A deeply considered take: this is theoretically interesting but in practice matters very little.

It’s like worrying about compiler bugs instead of semantic programming errors. If you are getting to the point where you have machine checked proofs, you are already doing great. It’s way more likely that you have a specification bug or modeling error than an error in the solver.

If you are worried about it, many people have solutions that are very compelling. There are LCF style theorem provers like HOL Light with tiny kernels. But for any real world systems, none of this matters, use any automated solvers you like, it will be fine.

ninetyninenine · a year ago

This is not just a problem with formal verification systems. It's a problem intrinsic to math, science and reality.

We call these things axioms. The verifier must be assumed to be true.

For all the axioms in mathematics... we don't know if any of those axioms are actually fully true. They seem to be true because we haven't witnessed a case where they aren't true. This is similar to how we verify programs with unit tests. For the verifier it's the same thing, you treat it like an axiom you "verify" it with tests.

gqgs · a year ago

I believe there is a distinction between those concepts.

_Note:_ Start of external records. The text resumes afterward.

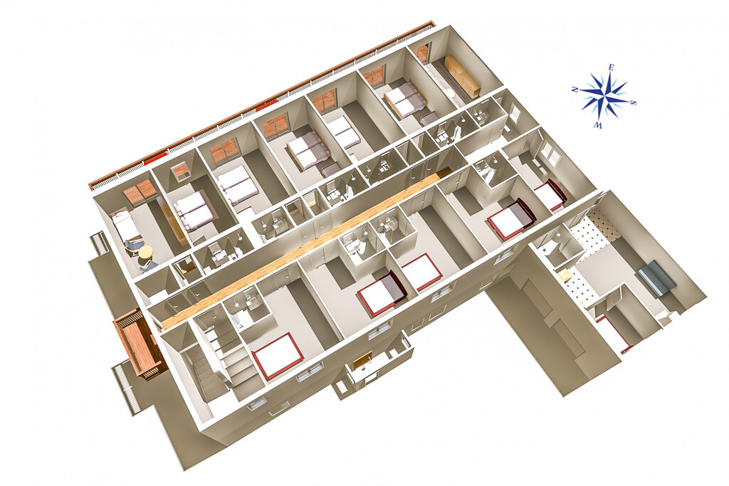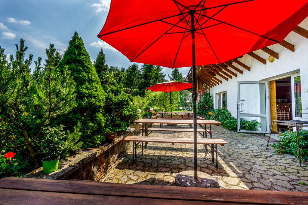 - pensjonat (10 pokoi gościnnych, sala jadalna z kominkiem i barkiem, zaplecze kuchenne, taras)
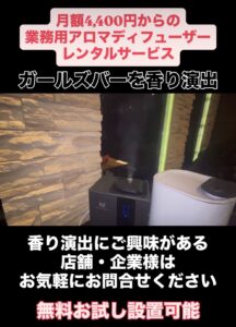 神奈川県にありますガールズバー店舗様で、香り演出をさせていただいております。 業務用アロマディフューザーレンタルサービス「MajestaFragrance」なら、月額4,400円から店舗・オフィスの香り演出が可能です。 […]
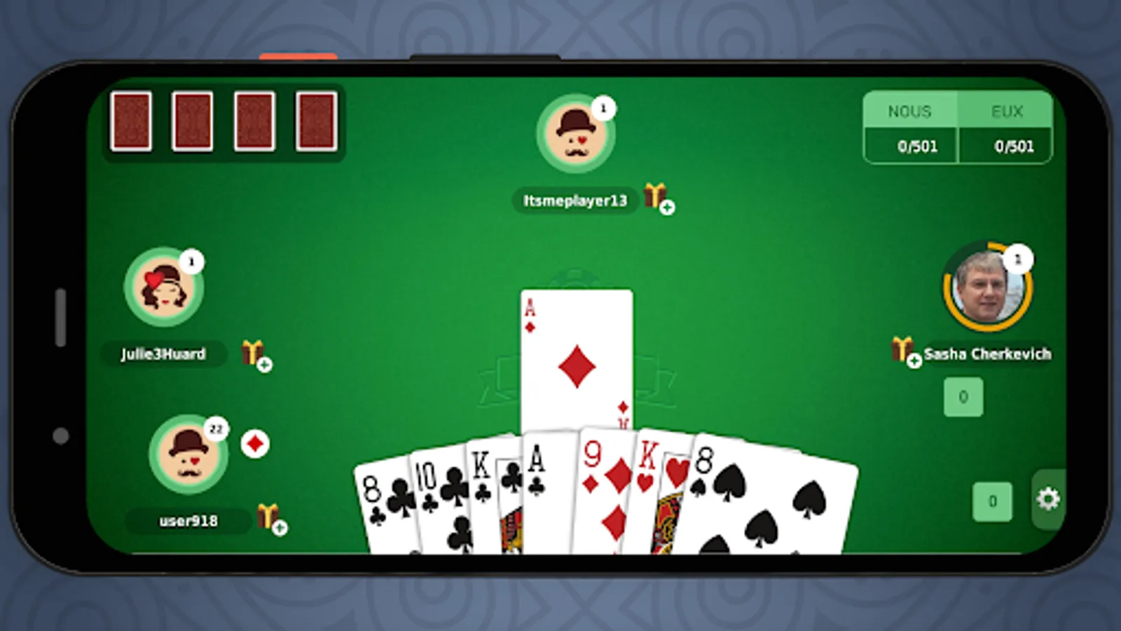 Doesn't matter if you are a beginner or a belote master, you will always find the opponent of your level in this game. The high-level artificial intelligence will always give you a suitable match.

Axioms are true by their own definition. Therefore, discovering an axiom to be false is a concept that is inherently illogical.

Discovering that a formal verification system produced an incorrect output due to a bug in its implementation is a perfectly well-defined concept and doesn't led to any logical contradictions; unless you axiomatically define the output of formal verification systems to be necessarily correct.

I believe this definition don't make sense in the general case considering the number of vectors that can introduce errors into software.

trenchgun · a year ago

Verifiers can be based on a small proven kernel. That is not really the issue.

The issue is writing the formal specification. Formal verification is in nutshell just proving the equivalence of two different formal constructs: one that is called the spec and one that is called the system (or program). Writing specs is hard.

csbartus · a year ago

Perhaps there is no such thing like absolute truth.

In category theory / ologs, a formal method for knowledge representation, the result is always mathematically sound, yet ologs are prefixed with "According to the author's world view ..."

On the other way truth, even if it's not absolute, it's very expensive.

Lately AWS advocates a middle ground, the lightweight formal methods, which are much cheaper than formal methods yet deliver good enough correctness for their business case.

In the same way MIT CSAIL's Daniel Jackson advocates a semi-formal approach to design likely-correct apps (Concept design)

It seems there is a push for better correctness in software, without the aim of perfectionism.

whattheheckheck · a year ago

Yeah it reminds me of https://en.m.wikipedia.org/wiki/Tarski%27s_undefinability_th...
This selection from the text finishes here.